Opinion
13107 Index No. 160772/15 Case No. 2020-00957
02-11-2021
Weiner, Millo, Morgan & Bonanno, LLC, New York (John P. Bonanno of counsel), for appellants. Lesnevich, Marzano–Lesnevich, O'Cathain & O'Cathain LLC, New York (Domhnall O'Catha´in of counsel), for Digna Acevedo DeJorge, respondent. Rubin, Fiorella, Friedman & Mercante LLP, New York (Stewart B. Greenspan of counsel), for Sigfrido R. Jorge, respondent.
Weiner, Millo, Morgan & Bonanno, LLC, New York (John P. Bonanno of counsel), for appellants.
Lesnevich, Marzano–Lesnevich, O'Cathain & O'Cathain LLC, New York (Domhnall O'Catha´in of counsel), for Digna Acevedo DeJorge, respondent.
Rubin, Fiorella, Friedman & Mercante LLP, New York (Stewart B. Greenspan of counsel), for Sigfrido R. Jorge, respondent.
Acosta, P.J., Kapnick, Singh, Mendez, JJ.
Order, Supreme Court, New York County (Adam Silvera, J.), entered November 15, 2019, which, to the extent appealed from as limited by the briefs, granted the motion of defendant Sigfrido R. Jorge (Jorge) for summary judgment dismissing all cross claims against him, and granted plaintiff Digna Acevedo Dejorge's cross motion for summary judgment on the issue of liability against defendant Metropolitan Foods, Inc., unanimously affirmed, without costs.
Jorge established his prima facie entitlement to judgment as matter of law. Jorge's and plaintiff's deposition testimony establish that his vehicle was stopped at the traffic light when his vehicle's rear driver side bumper was struck by defendant Metropolitan Foods’ left-turning truck and renders Metropolitan Foods’ claim that the rear of Jorge's vehicle was in the intersection in violation of Vehicle and Traffic Law § 1175 irrelevant (see Chame v. Kronen, 150 A.D.3d 622, 55 N.Y.S.3d 228 [1st Dept. 2017] ; Vespe v. Kazi, 62 A.D.3d 408, 878 N.Y.S.2d 46 [1st Dept. 2009] ).

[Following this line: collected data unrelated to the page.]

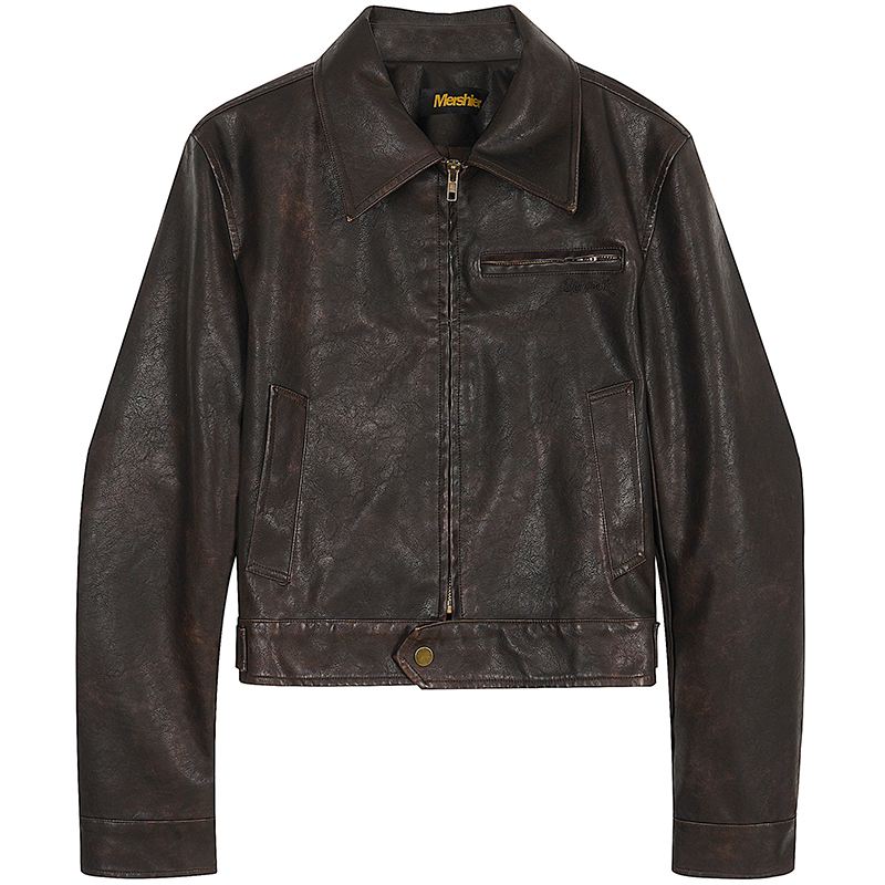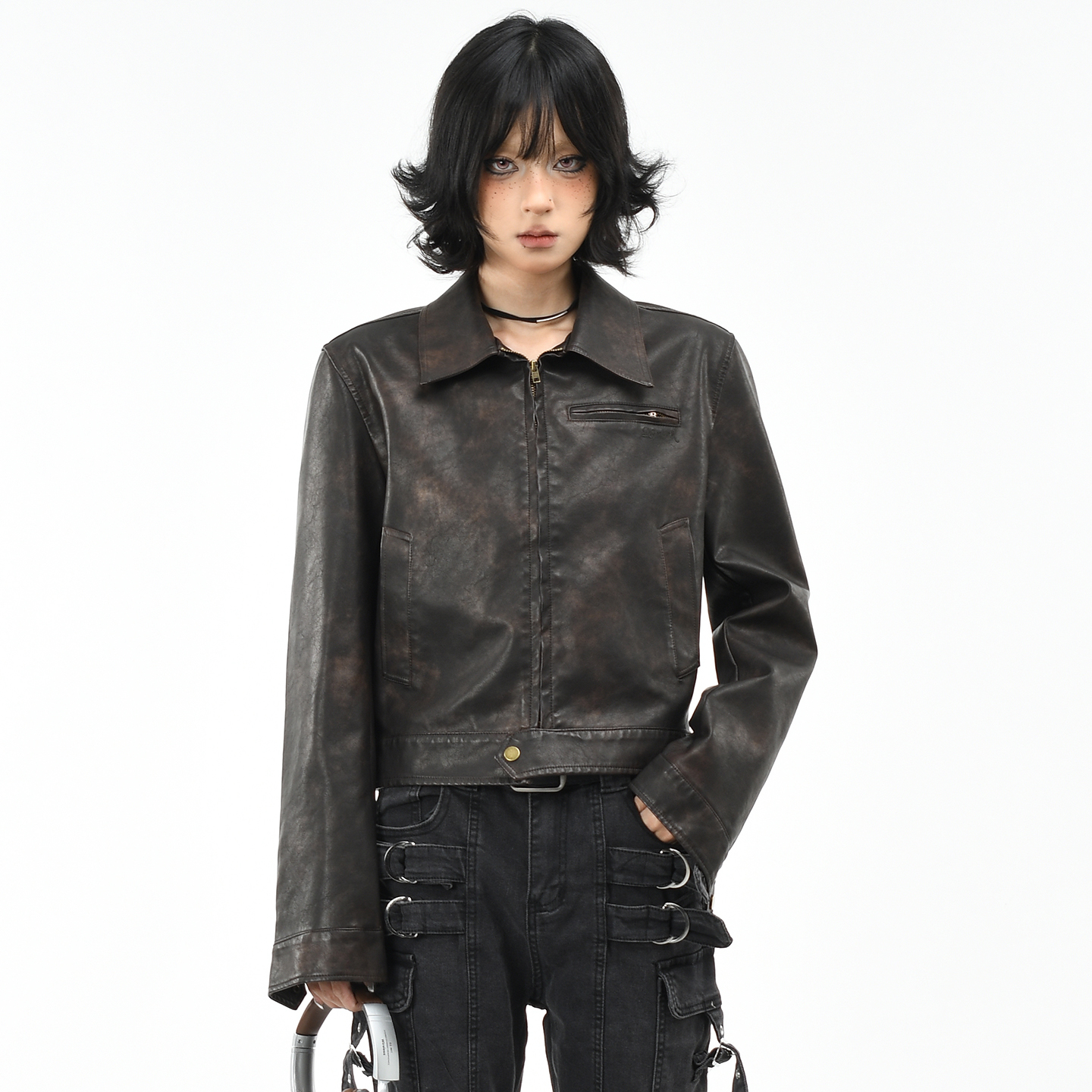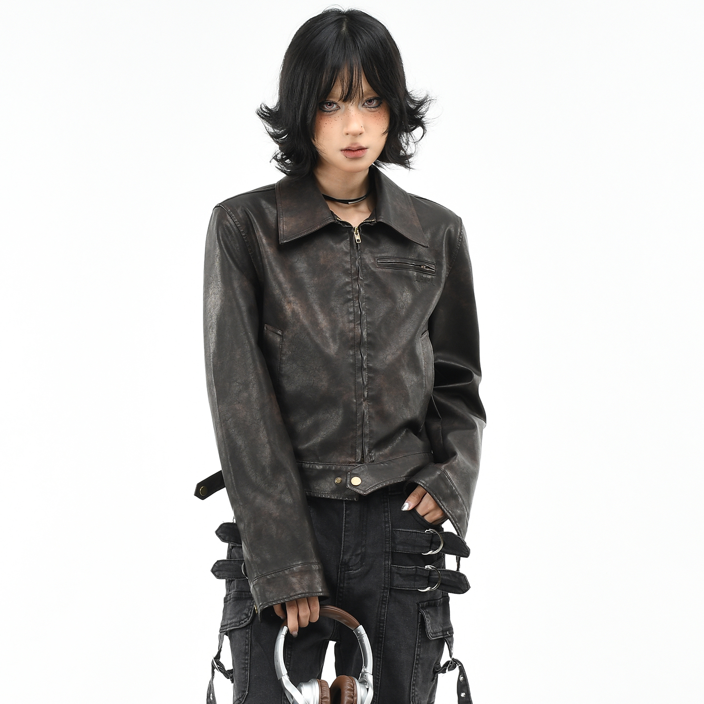 OV原创美式复古做旧皮衣外套女秋季街头机车风PU短款翻领夹克上衣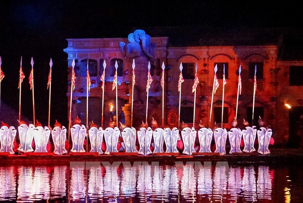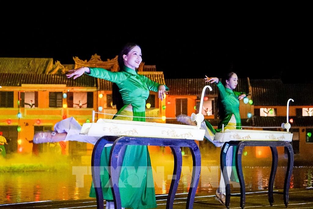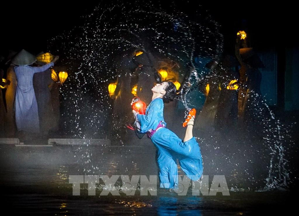 Một tiết mục kết hợp giữa trình diễn, múa, âm nhạc, ánh sáng... tại "Ký ức Hội An". Ảnh: Khánh Hoà – TTXVN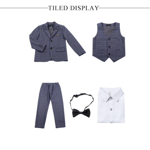 | スタイリッシュな『チェック柄のフォーマルスーツ』【ジャケット+ベスト+シャツ+パンツ+ネクタイの5点セット】 これだけあればフォーマルシーンはバッチリ揃います。 全体的にかっちりとしすぎないように、リラックス感のある柔らかな雰囲気に仕立てています。 袖口には3つの飾りボタンがついたおしゃれ仕様。背当て部分に裏地付きで上品さをオンしています。 ハーフパンツよりも大人っぽく着られるロングパンツには蝶ネクタイを合わせて、可愛らしさも兼ね備えたスタイルです。 ネクタイやプローチまでついているので、すぐにワンランク上のフォーマルスタイルが完成します。 卒業式や、結婚式、発表会など、セレモニーから冠婚葬祭まで幅広いシーンで活躍します。 | |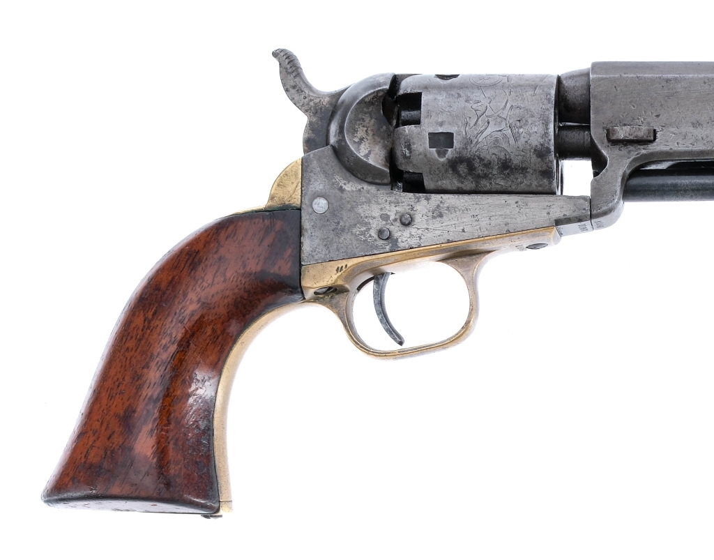 Description Colt 1849 Pocket chambered in .31 Caliber with a five-shot cylinder and a 4″ octagonal barrel. Manufactured in 1855 with serial number 100697. In the white barrel, engraved cylinder, single action trigger, and hammer. The cylinder shows Stagecoach scenes. Blued ram rod. Brass trigger guard and grip frame. Smooth wood grips. Rear hammer notch and front bead iron sights. Serial number matching barrel, frame, cylinder, trigger guard, and grip frame. The top of the barrel is marked “ADDRESS SAM L COLT NEW YORK CITY”. COLTS PATENT is marked on the frame and cylinder. Antique, ships directly to buyers home in MOST states. Condition: Antique Good with scratches, sharp edge wear, and general cosmetic handling wear. Most of the finish is in the white with spots of patina and metal oxidation/pitting. Spots of tarnish and finish loss on the brass. Some light scratches and dings on the grips. Some spots of metal oxidation in the bore, shows strong visible rifling. Barrel Length: 4″ Serial: 100697 Manufacturer: COLT Year: 1855 Caliber: .31 Caliber Model: 1849 Pocket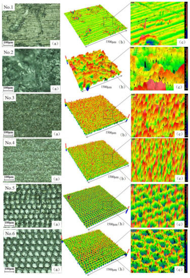 Topography and surface roughness test diagram of No.1–No.6 sample. (a) Topography was measured by optical microscope; (b,c) Surface roughness was measured by white light interferometer.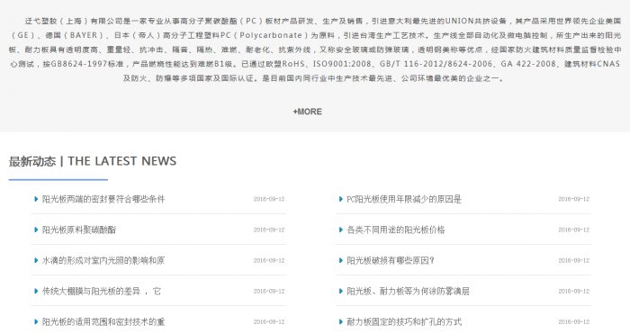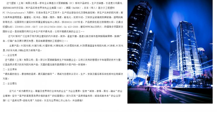 迂弋塑膠(上海)有限公司是一家專業(yè)從事高分子聚碳酸酯(PC)板材產(chǎn)品研發(fā)、生產(chǎn)及銷售,引進意大利最先進的UNION共擠設備,其產(chǎn)品采用世界領先企業(yè)美國(GE)、德國(BAYER)、日本(帝人)高分子工程塑料PC(Polycarbonate)為原料,引進臺灣生產(chǎn)工藝技術(shù)。生產(chǎn)線全部自動化及微電腦控制,所生產(chǎn)出來的陽光板、耐力板具有透明度高、重量輕、抗沖擊、隔音、隔熱、難燃、耐老化、抗紫外線,又稱安全玻璃或防彈玻璃,透明鋼美稱等優(yōu)點,經(jīng)國家防火建筑材料質(zhì)量監(jiān)督檢驗中心測試,按GB8624-1997標準,產(chǎn)品燃燒性能達到難燃B1級。已通過歐盟RoHS、ISO9001:2008、GB/T 116-2012/8624-2006、GA 422-2008、建筑材料CNAS及防火、防爆等多項國家及國際認證。是目前國內(nèi)同行業(yè)中生產(chǎn)技術(shù)最先進、公司環(huán)境最優(yōu)美的企業(yè)之一。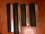 スカッフプレートを外す。 外側に爪があり、これで固定されている。 指を外側端に入れ、バキバキっと剥がす。 |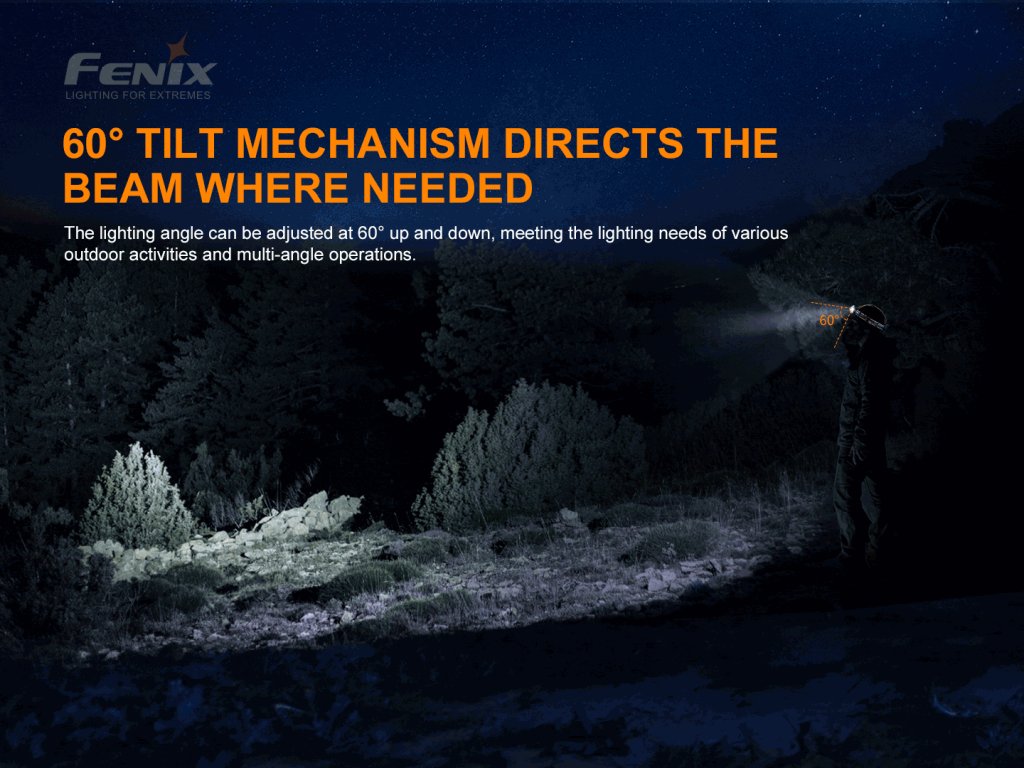 Nabíjateľná čelovka Fenix HP16R disponuje celkovým výkonom až 1700 lúmenov a dvoma svetelnými kužeľmi. Diaľkový reflektor so špičkovou LED Luminus SST-40 vytvára dobre zaostrený svetelný lúč s dosvitom až 260 metrov a druhý reflektor s výkonnou LED Cree XP-G3 S4 má svetelnú stopu veľmi širokú a plynulú až do vzdialenosti 48 metrov. Svetelný tok diaľkového reflektoru je až 1300 lúmenov, reflektor so širokým kužeľom ponúka maximálny výkon 400 lúmenov a neutrálny odtieň svetla. Ovládanie oboch LED je na sebe nezávislé, svetlo z oboch reflektorov možno ľubovoľne kombinovať a dosiahnuť tak krátkodobo svetelného toku až 1700 lúmenov. Diaľkový reflektor ponúka štyri stupne svietenia a široký tri. Naviac je čelovka osadená červenou LED s výkonom 5 lúmenov so signálom SOS.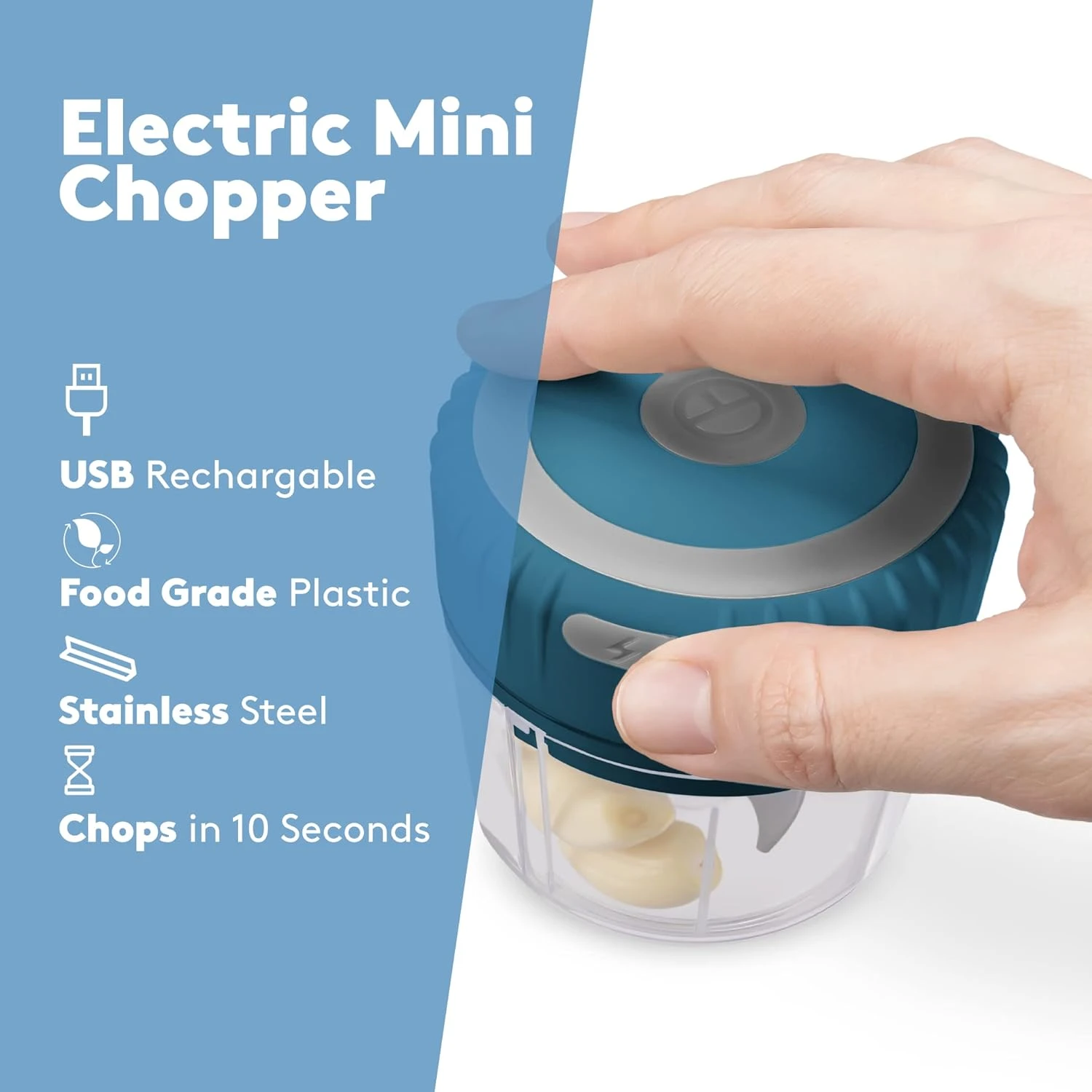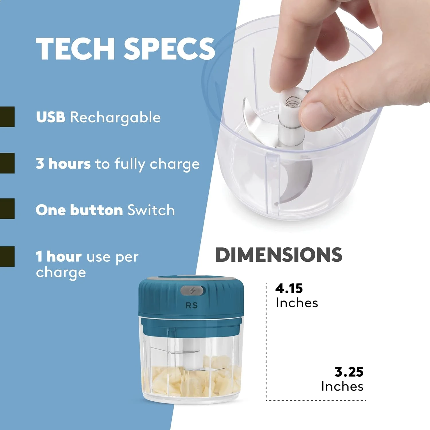- OPTIMAL SMALL FOOD CHOPPER CONSTRUCTION: The rechargeable advanced mini chopper was made with not just portability in mind but veggie chopper functionality. It comes with a 430-grade triple steel blade design, a colorful anti-stain gasket and only needs one touch for this small food processor

Supreme Court properly granted plaintiff's cross motion for summary judgment on the issue of liability as against Metropolitan Foods. She established a prima facie case that the accident resulted from Metropolitan Foods’ negligence by submitting her and Jorge's deposition testimony that Jorge's vehicle was stationary for approximately one and a half minutes when she observed Metropolitan Foods’ truck, which they identified from its license plate and the number displayed on the vehicle that day, collided into the rear driver's side bumper of Jorge's vehicle while making a left turn (see Davis v. Turner, 132 A.D.3d 603, 20 N.Y.S.3d 2 [1st Dept. 2015] ; Guzman v. Schiavone Constr. Co., 4 A.D.3d 150, 772 N.Y.S.2d 25 [1st Dept. 2004], lv dismissed and denied 3 N.Y.3d 694, 785 N.Y.S.2d 13, 818 N.E.2d 655 [2004] ). The burden then shifted to the Metropolitan Foods to provide a nonnegligent explanation for the collision (see Rodriguez v. City of New York, 161 A.D.3d 575, 576–577, 77 N.Y.S.3d 46 [1st Dept. 2018] ; Stringari v. Peerless Importers, Inc., 304 A.D.2d 413, 413, 757 N.Y.S.2d 554 [1st Dept. 2003] ).
In opposition, Metropolitan Foods failed to raise a triable issue of fact. Its employee testified that although he was operating the truck on the day in question and would have turned left at the intersection that day, he did not know about the accident until about a week later, which does not contradict the evidence establishing that he was negligent and the sole proximate cause of the accident (see Cascante v. Kakay, 88 A.D.3d 588, 589, 931 N.Y.S.2d 295 [1st Dept. 2011] ). That Metropolitan Foods’ employee contended that he saw that the truck was not damaged after being informed about the accident about a week later does not raise a triable issue of fact given his testimony that he did not inspect the truck after he finished working that day and no other evidence was submitted by Metropolitan Foods to show that the truck did not collide with Jorge's vehicle.